Results: The results are presented in Table 4. MCNC has comparable performance to NOLA with a similar number of parameters. Importantly, however, MCNC requires $75\%$ fewer GFLOPs for generating parameters on the fly compared to NOLA. This efficiency translates into faster inference and training for MCNC compared to NOLA. As shown in Table 4, MCNC achieves a $23\%$ faster throughput for LLaMA 7B and a $35\%$ faster throughput for LLaMA 13B. While it is feasible to generate parameters offline and merge them with the original weights of the language model, this approach limits the applications when processing multiple tasks and their corresponding adapters in a batch. Therefore, in scenarios involving batch processing of tasks, MCNC holds an advantage over NOLA due to its faster throughput.

4.4 Ablation Studies

Impact of MCNC design decisions: When applying MCNC to a model with a specific parameter count, we can approach this in several ways. Initially, we can design a generator with $k$ and $d$ values that yield the exact number of parameters needed for model reparameterization. Alternatively, we might increase the compression rate of the generator and adjust $m$ accordingly. Another option is to perform a low-rank decomposition of the model before compression, which allows for lower compression rates or higher $m$ values to maintain the same parameter count. We explore the effects of these design choices by assessing the compression performance of ResNet-18 on the ImageNet-100 dataset with a parameter budget of approximately 100,000, selecting $k$ , $d$ , and $m$ to meet this target. Without our nonlinear manifold, this equates to using random bases, specifically NOLA and PRANC, with and without low-rank constraints, respectively. Table 6 clearly shows that integrating the nonlinear manifold consistently enhances performance across various settings. Moreover, increasing $m$ beyond 1 does not significantly affect performance, allowing MCNC to achieve diverse compression rates using a single generator without compromising performance. The most significant performance improvement comes from low-rank decomposition.

Impact of varying $k$ and $d$ with fixed compression rate: The ratio of $k$ to $d$ determines its compression rate, however, selecting appropriate values for $k$ and $d$ under a fixed compression rate presents challenges.

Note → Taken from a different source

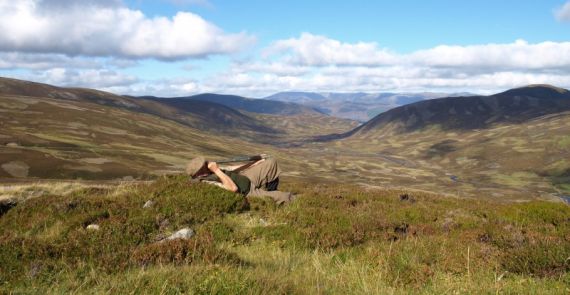 Da vi kommer derop, ser jeg at ibexen står med front mod os og kigger lige på os, jeg gør klar til at indtage en liggende skydestilling, men Luis fortæller mig, at der ikke kun er 1 men hele 3 ibexen og den der står og kigger på os ikke er den største. Jeg får lagt mig ned, foldet støtteben til riflen ud, så jeg kommer over vegetationen, indstillet asv på 200 mtr. Og kigger i fiffelkikkerten. Til venstre for den der står med front til os, står en ung ibex, den er helt brun i pelsen endnu, hvilket de er til de når over 10 år, men kan stadig ikke se den rigtige. Så pludselig træder den et skridt frem bag nogle buske, jeg er ikke i tvivl, den er kæmpe!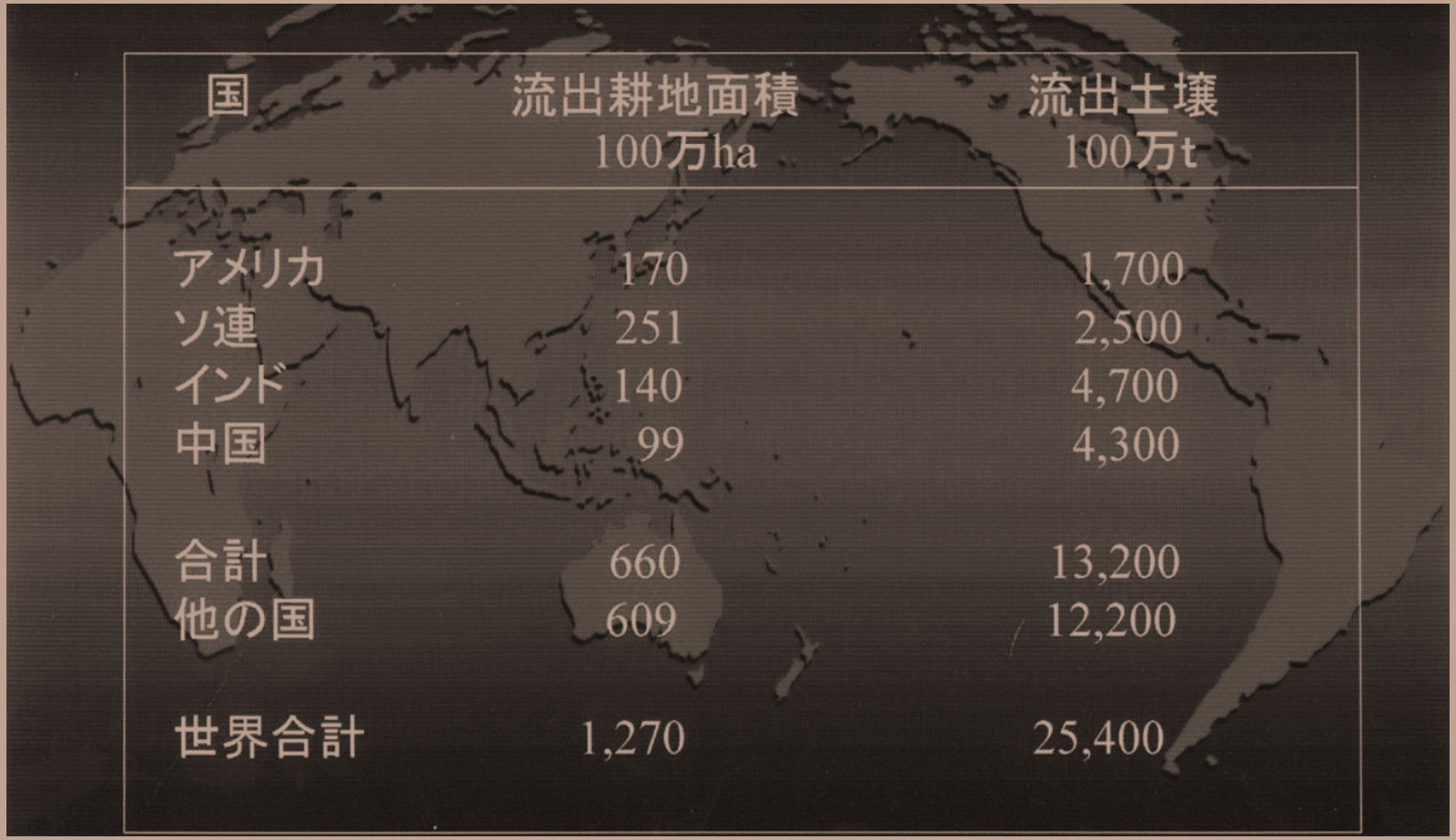 中国もインドも世界の耕地における土壌流出の推計を見てみると、すごいことになっています。インドや中国は特に深刻ですね。今の段階で地球表面にある土を守らなければすべての命が失われる恐れだってあります。

To investigate this, we trained multiple generators, each with a compression rate of 100, and applied them to ImageNet-100 using ResNet-18, with $L$ fixed at 10. The results are presented in Table 6. It is evident that a $k$ value close to 1 leads to poor performance, possibly due to reduced degrees of freedom when traversing the manifold, which complicates optimization. Increasing $k$ and $d$ generally enhances performance until it reaches a saturation point and then begins to decline. This decline is likely because, as $d$ becomes very large, the generator struggles to effectively cover the space.

Effect of choice of $L$ when training downstream tasks: As noted in section 3.1, the choice of $L$ controls the frequency of twists in the manifold. In addition to impacting the coverage of the high-dimensional space, this choice can directly impact the ease of optimization when weights are constrained to live inside this manifold. For this reason, we train multiple generators with varying values of $L$ and use each to train a ResNet-20 on CIFAR-100 while fixing $k=5,d=500$ . We show our results in Table 7. As can be seen, when $L$ becomes too small or too large, MCNC’s accuracy begins to drop significantly. When $L$ is low, this is likely due to lacking coverage of the high-dimensional space. When $L$ is large, however, the number of turns in the manifold increase likely leading to difficulties in optimization that result in decreased performance.

Effect of increasing $k$ to decrease compression rate: MCNC’s compression is determined by both the generator compression and the selection of $m$ . We wish to study how the performance improves as we decrease the compression rate of the generator. To do so, we fix $m=1,d=1600$ and vary $k$ . We then use each generator to train ResNet-20 with low rank decomposition on CIFAR-100 and show the results in Figure 3. We can see that performance is able to steadily improve as we decrease the compression rate of the generator. Impressively, we are able to almost entirely recover the original performance of the model while using a fraction of the total number of parameters.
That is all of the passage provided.